Stored data:
--
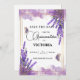 Detta "Quinceañera Guld, Lila, Lavender Blommigt Butterfly Save the Date"-kort är en fantastisk blandning av elegans och stollig. Med känsliga lavender- och lila-blommigtar som är utrustade med skarpa detaljer om guld, blir den ännu bättre av en fjärils roliga bild, som symboliserar omvandling och skönhet. Den här perfekten för att ange tonen för din quinceañera firande, Rädda datumkortet fångar kärnan av din speciella dag med en gnutta glöd och naturens skönhet. Se till att dina gäster är glada över denna oförglömliga inbjudan.
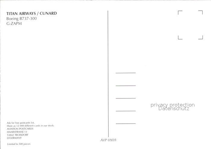 Flugzeuge Zivil Titan Airways Cunard Boeing 737-300 G-ZAPM postalisch nicht gelaufen Erhaltung siehe scans
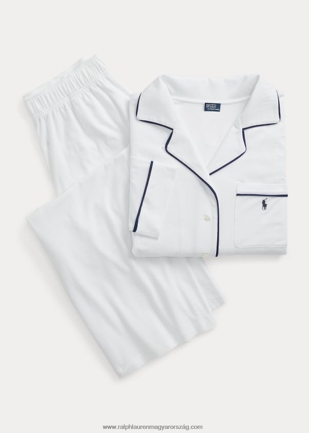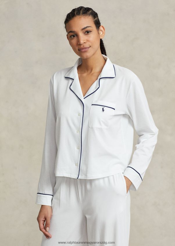 hosszú ujjú jersey pizsama garnitúra 2680483014 nők Ralph Lauren fehér felhő
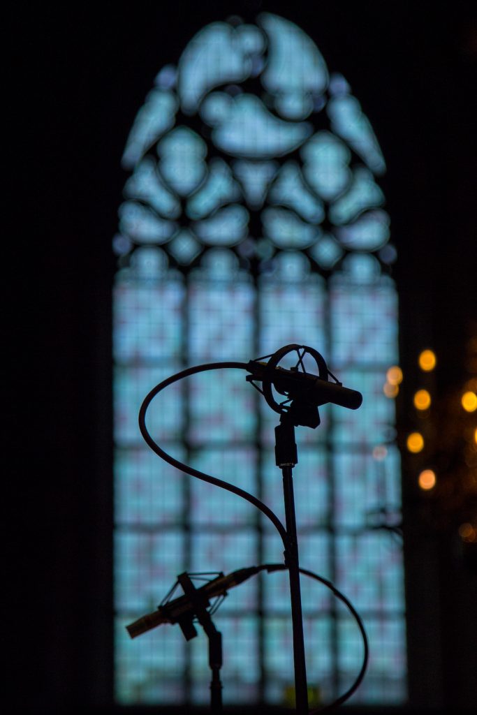 A binaural DSD recording approximates what a listener would hear at a performance of the music if they were sitting at that spot using an audio principle known as HRTF (Head Related Transfer Function). So, the only difference between stereo and binaural recordings is the microphone setup used. The intended result are recordings optimised for either spaced loudspeakers or headphones. For stereo recordings, the primary microphones are two mics typically spaced four to eight feet apart, matching the spacing of most home loudspeaker placements.
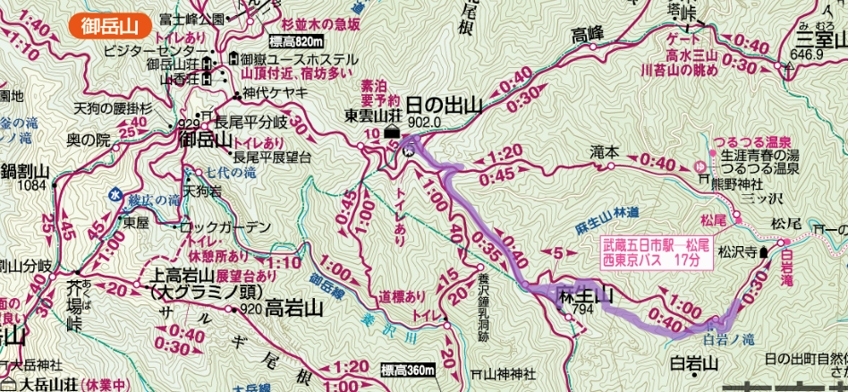 山域は青梅市にまたがりますが、山頂は東京都西多摩郡日の出町になります。
--
Exercise: Could you copy, exactly and with no pictures, each line from the first one above to the line holding "hosszú ujjú jersey"?

Solution to this problem:
 Detta "Quinceañera Guld, Lila, Lavender Blommigt Butterfly Save the Date"-kort är en fantastisk blandning av elegans och stollig. Med känsliga lavender- och lila-blommigtar som är utrustade med skarpa detaljer om guld, blir den ännu bättre av en fjärils roliga bild, som symboliserar omvandling och skönhet. Den här perfekten för att ange tonen för din quinceañera firande, Rädda datumkortet fångar kärnan av din speciella dag med en gnutta glöd och naturens skönhet. Se till att dina gäster är glada över denna oförglömliga inbjudan.
 Flugzeuge Zivil Titan Airways Cunard Boeing 737-300 G-ZAPM postalisch nicht gelaufen Erhaltung siehe scans
 hosszú ujjú jersey pizsama garnitúra 2680483014 nők Ralph Lauren fehér felhő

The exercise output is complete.